+++ Data supplied
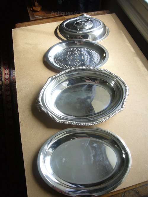 A good quality Edwardian plated bacon dish and cover with drainer and liner.Gadrooned edges.Detachable handle.By William Hutton & Sons of Sheffield.
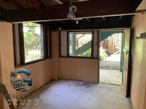 - A spacious two-story home awaits your creative touch. The first floor boasts a concrete slab/cement block construction, while the upper level features wooden-framed walls sheathed in cement fiberboard, a lightweight and common construction choice in tropical regions.
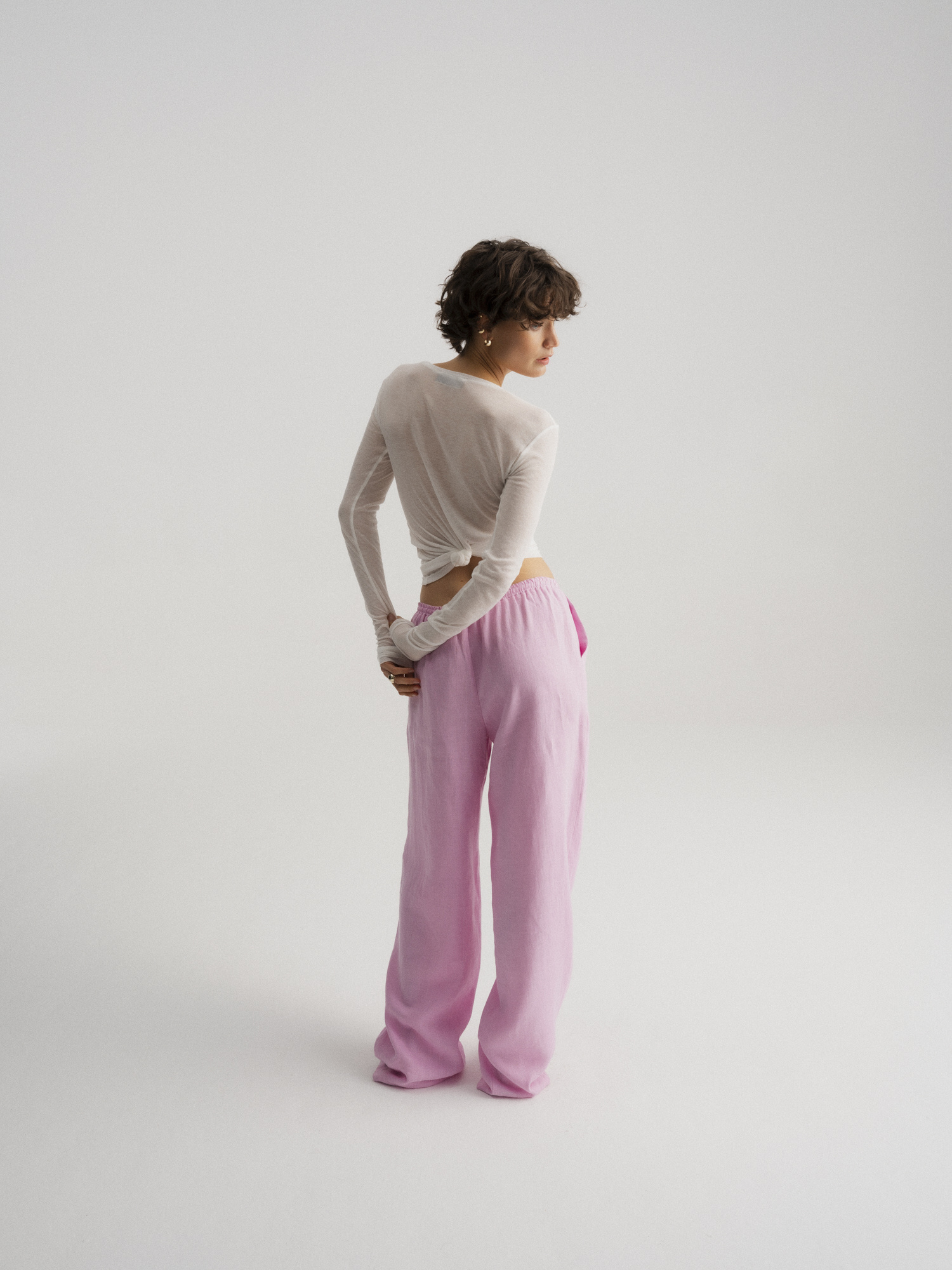 Relaxed, easy-fit trousers crafted from breathable linen in an energetic pink shade. The elasticated waistband with an adjustable drawstring ensures all-day comfort and a flexible fit, while practical side pockets add everyday functionality. The long, wide legs flow effortlessly with movement, giving the silhouette an airy, laid-back feel. Perfect for both urban and vacation-ready summer looks, paired with a fitted top and flip-flops. Style them with other pieces from the collection to create a harmonious, minimalist outfit inspired by modern simplicity.
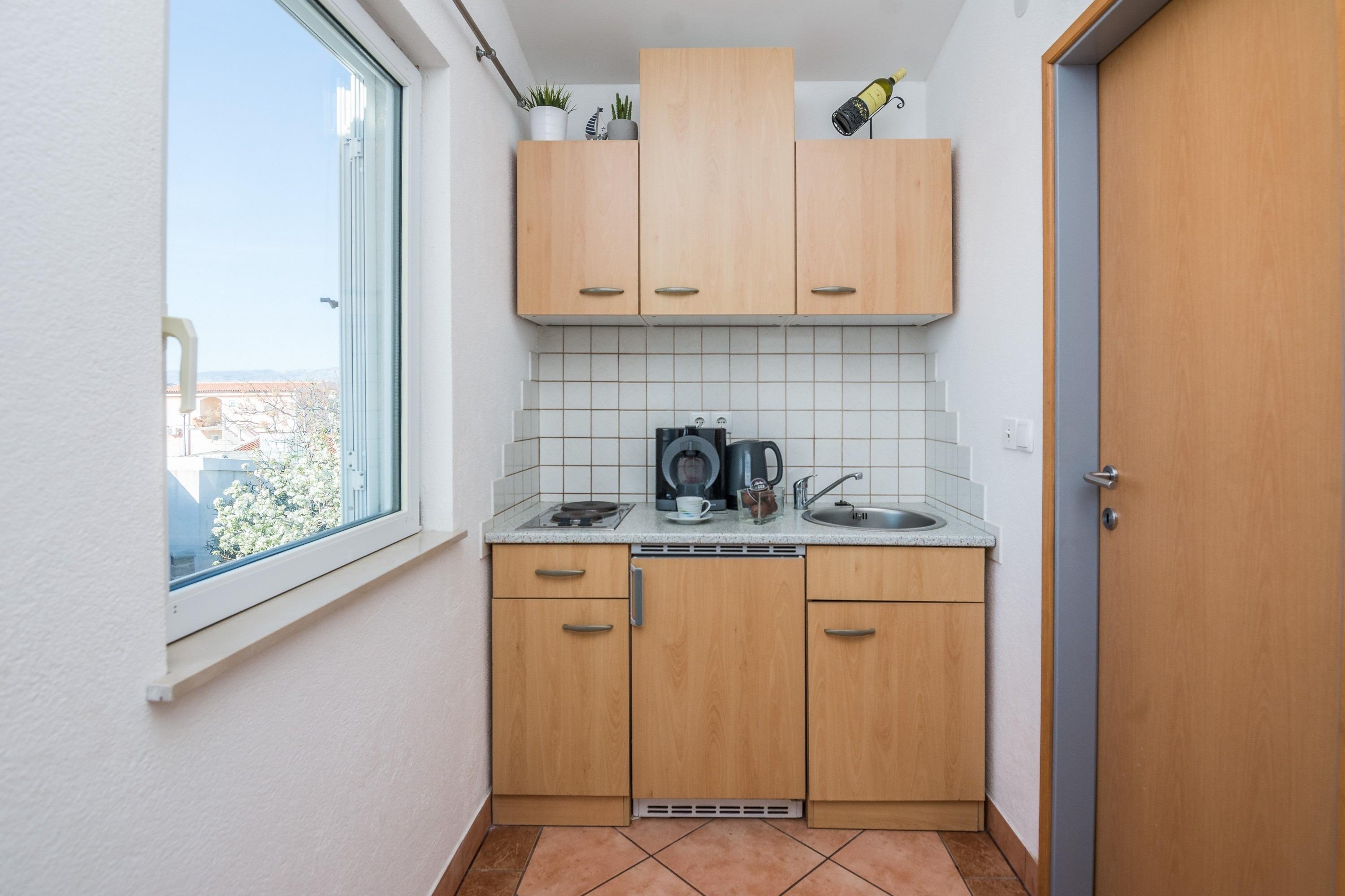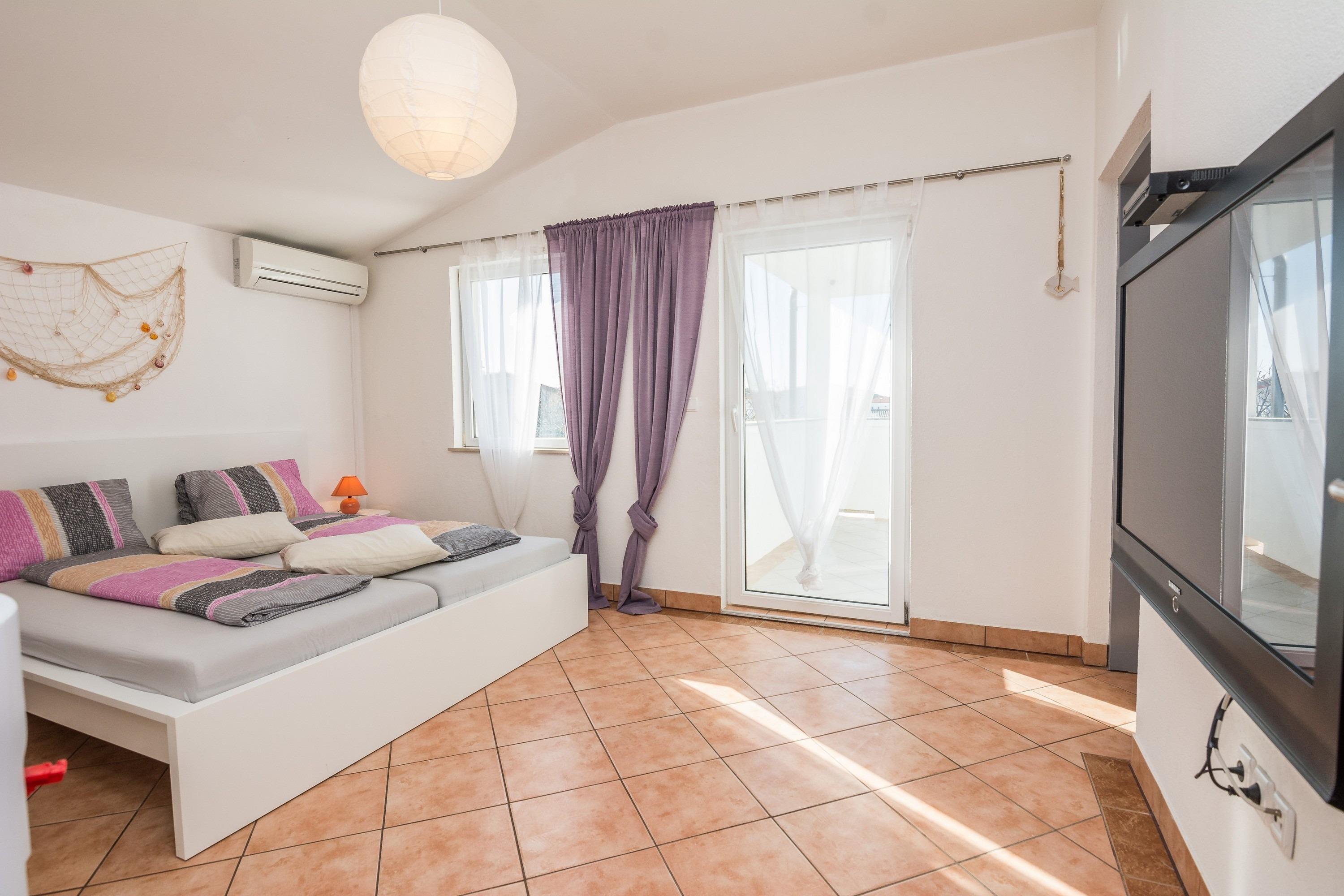 Die 25m2 Wohnung im ersten Stock des Hauses besteht aus einem Wohn- und Schlafbereich mit einem Doppelbett und ein Schlafsofa für eine weitere Person, Küche und Badezimmer mit Dusche und Toilette. Das Wohnzimmer öffnet sich auf einen 10m2 Balkon mit Tisch und Stühlen, der perfekte Ort zum Entspannen, Frühstück oder Abendessen. Klimaanlage, Sat-TV, Parkplatz auf dem Grundstück und ein Grill im Innenhof stehen Ihnen zur Verfügung und ohne Aufpreis. Geschäfte, Restaurants und das Zentrum von Vir sind nur wenige Gehminuten entfernt. Der Kieselstrand ist nur 100 Meter vom Haus entfernt.
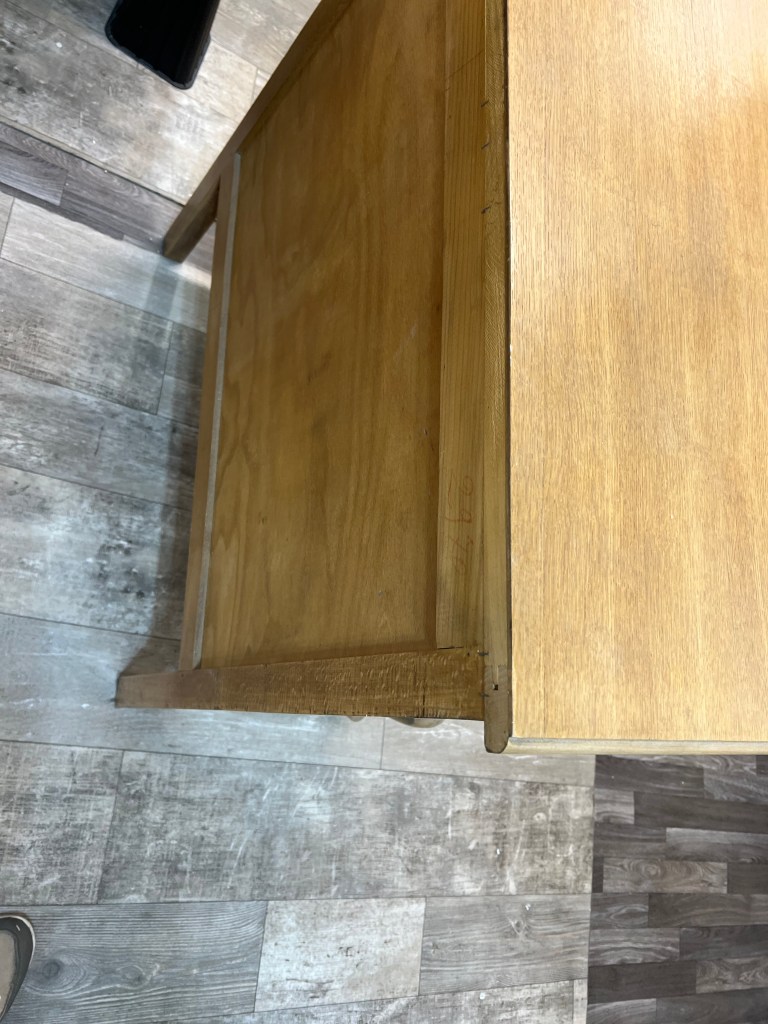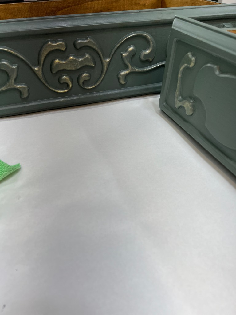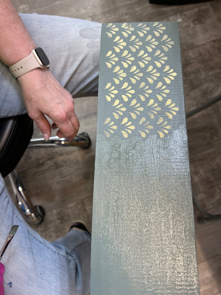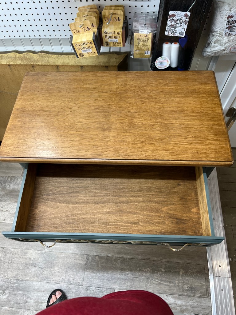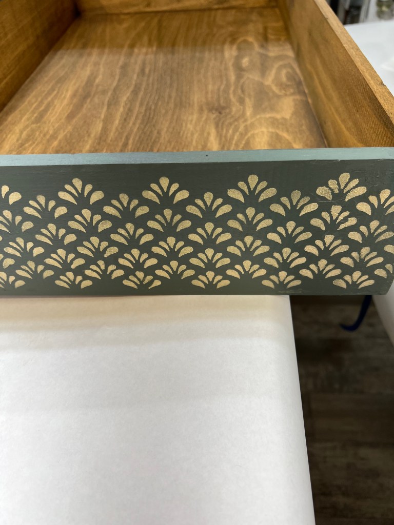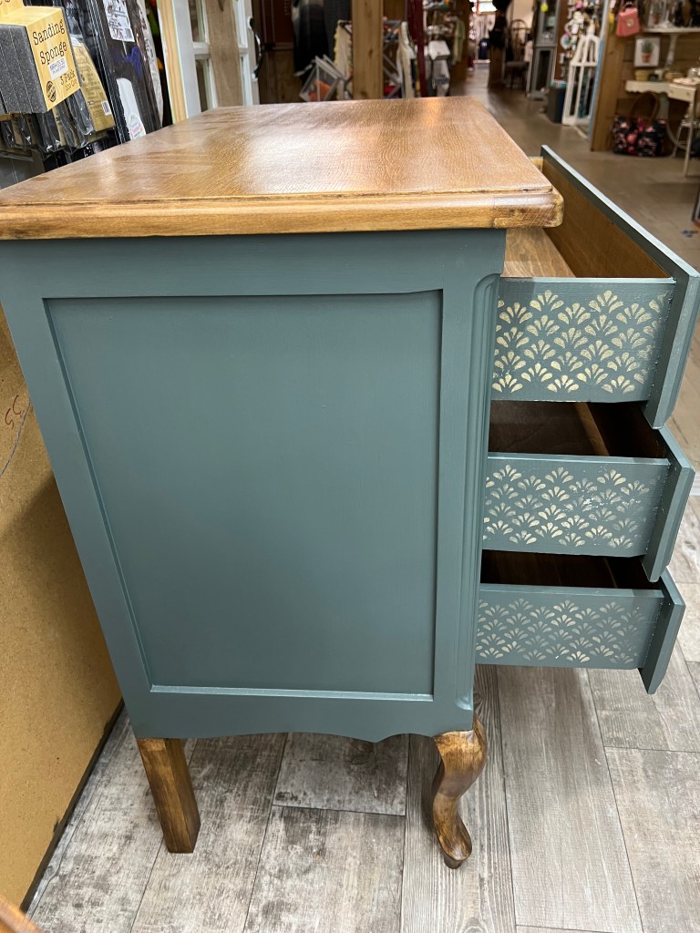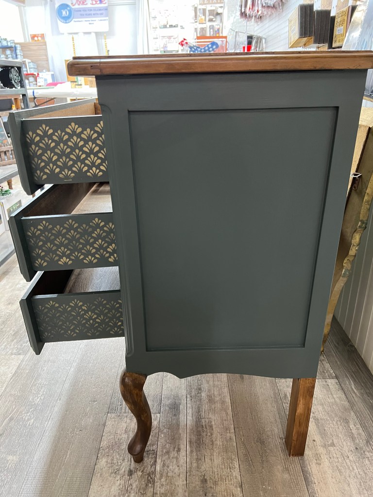 Marie used Dixie Belle Silk Smokey Mountain for the body, Dixie Belle No Pain Gel Stain Golden Ash for the top, legs and drawer insides; Redesign With Prima Opal Magic Acrylic Rose Gold Paint on the drawer fronts and sides (Eastern Fountain Stick & Style stencil roll on the drawer sides) and Sparkling Metallic Flakes for the handles. She finished the piece with Dixie Belle Clear Coat Satin and added Gator Hide sealer just for the top for extra protection.
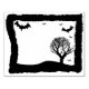 Bats and tree landscape silhouette art stamp
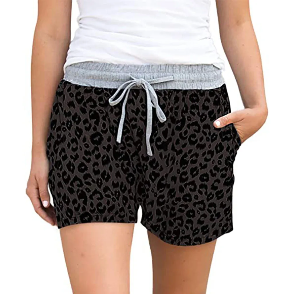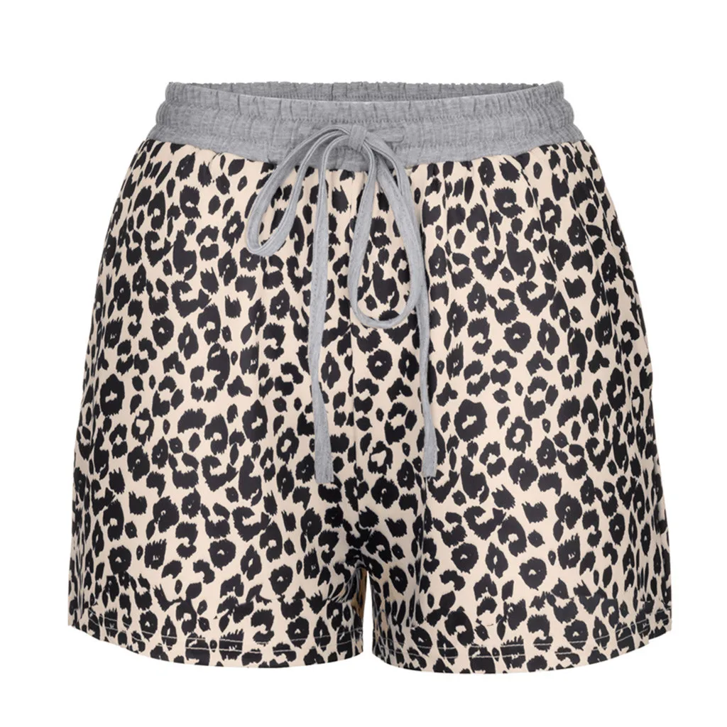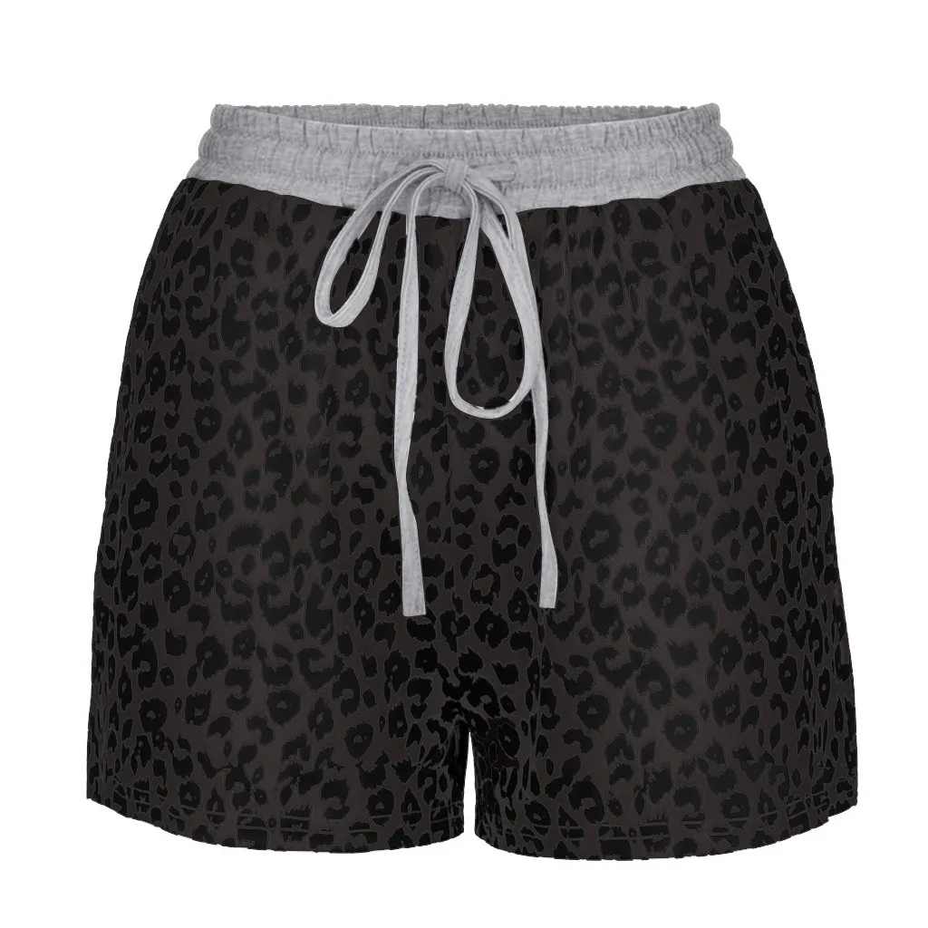 Шорты женские с эластичным поясом, удобные Свободные повседневные леопардовые Короткие штаны с завязками, с карманами, на лето
++++++
Brief:
Your task is to repeat the data above exactly while excluding the pictures.

Task output:
 A good quality Edwardian plated bacon dish and cover with drainer and liner.Gadrooned edges.Detachable handle.By William Hutton & Sons of Sheffield.
 - A spacious two-story home awaits your creative touch. The first floor boasts a concrete slab/cement block construction, while the upper level features wooden-framed walls sheathed in cement fiberboard, a lightweight and common construction choice in tropical regions.
 Relaxed, easy-fit trousers crafted from breathable linen in an energetic pink shade. The elasticated waistband with an adjustable drawstring ensures all-day comfort and a flexible fit, while practical side pockets add everyday functionality. The long, wide legs flow effortlessly with movement, giving the silhouette an airy, laid-back feel. Perfect for both urban and vacation-ready summer looks, paired with a fitted top and flip-flops. Style them with other pieces from the collection to create a harmonious, minimalist outfit inspired by modern simplicity.
 Die 25m2 Wohnung im ersten Stock des Hauses besteht aus einem Wohn- und Schlafbereich mit einem Doppelbett und ein Schlafsofa für eine weitere Person, Küche und Badezimmer mit Dusche und Toilette. Das Wohnzimmer öffnet sich auf einen 10m2 Balkon mit Tisch und Stühlen, der perfekte Ort zum Entspannen, Frühstück oder Abendessen. Klimaanlage, Sat-TV, Parkplatz auf dem Grundstück und ein Grill im Innenhof stehen Ihnen zur Verfügung und ohne Aufpreis. Geschäfte, Restaurants und das Zentrum von Vir sind nur wenige Gehminuten entfernt. Der Kieselstrand ist nur 100 Meter vom Haus entfernt.
 Marie used Dixie Belle Silk Smokey Mountain for the body, Dixie Belle No Pain Gel Stain Golden Ash for the top, legs and drawer insides; Redesign With Prima Opal Magic Acrylic Rose Gold Paint on the drawer fronts and sides (Eastern Fountain Stick & Style stencil roll on the drawer sides) and Sparkling Metallic Flakes for the handles. She finished the piece with Dixie Belle Clear Coat Satin and added Gator Hide sealer just for the top for extra protection.
 Bats and tree landscape silhouette art stamp
 Шорты женские с эластичным поясом, удобные Свободные повседневные леопардовые Короткие штаны с завязками, с карманами, на лето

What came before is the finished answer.